▶ [How to complete this task]: In your reply, print every line of the listing exactly and omit all images.

▶ [Data segment]:
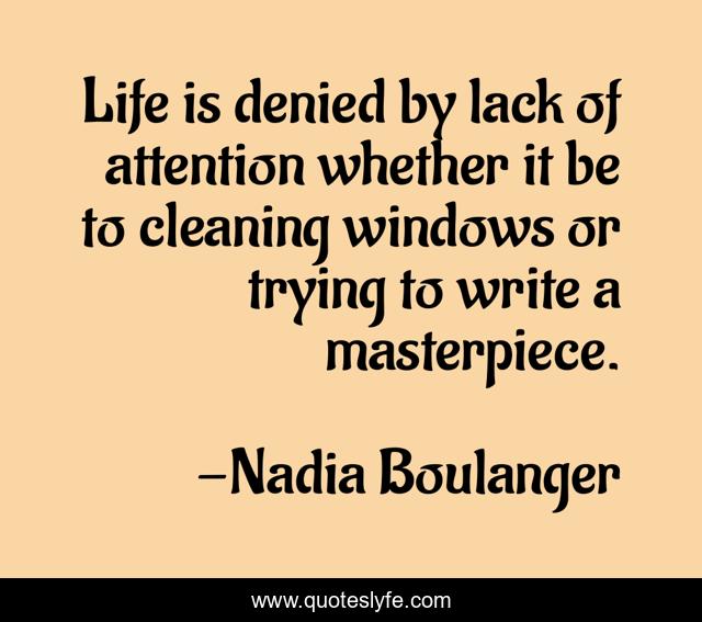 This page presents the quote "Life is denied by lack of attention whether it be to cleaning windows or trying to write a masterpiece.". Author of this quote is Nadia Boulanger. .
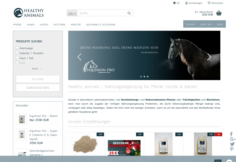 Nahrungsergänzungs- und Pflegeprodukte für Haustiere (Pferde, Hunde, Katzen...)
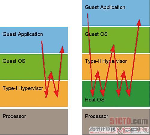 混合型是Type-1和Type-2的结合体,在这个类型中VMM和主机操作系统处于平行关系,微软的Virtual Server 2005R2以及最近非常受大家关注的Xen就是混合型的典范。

▶ [Task solution]:
 This page presents the quote "Life is denied by lack of attention whether it be to cleaning windows or trying to write a masterpiece.". Author of this quote is Nadia Boulanger. .
 Nahrungsergänzungs- und Pflegeprodukte für Haustiere (Pferde, Hunde, Katzen...)
 混合型是Type-1和Type-2的结合体,在这个类型中VMM和主机操作系统处于平行关系,微软的Virtual Server 2005R2以及最近非常受大家关注的Xen就是混合型的典范。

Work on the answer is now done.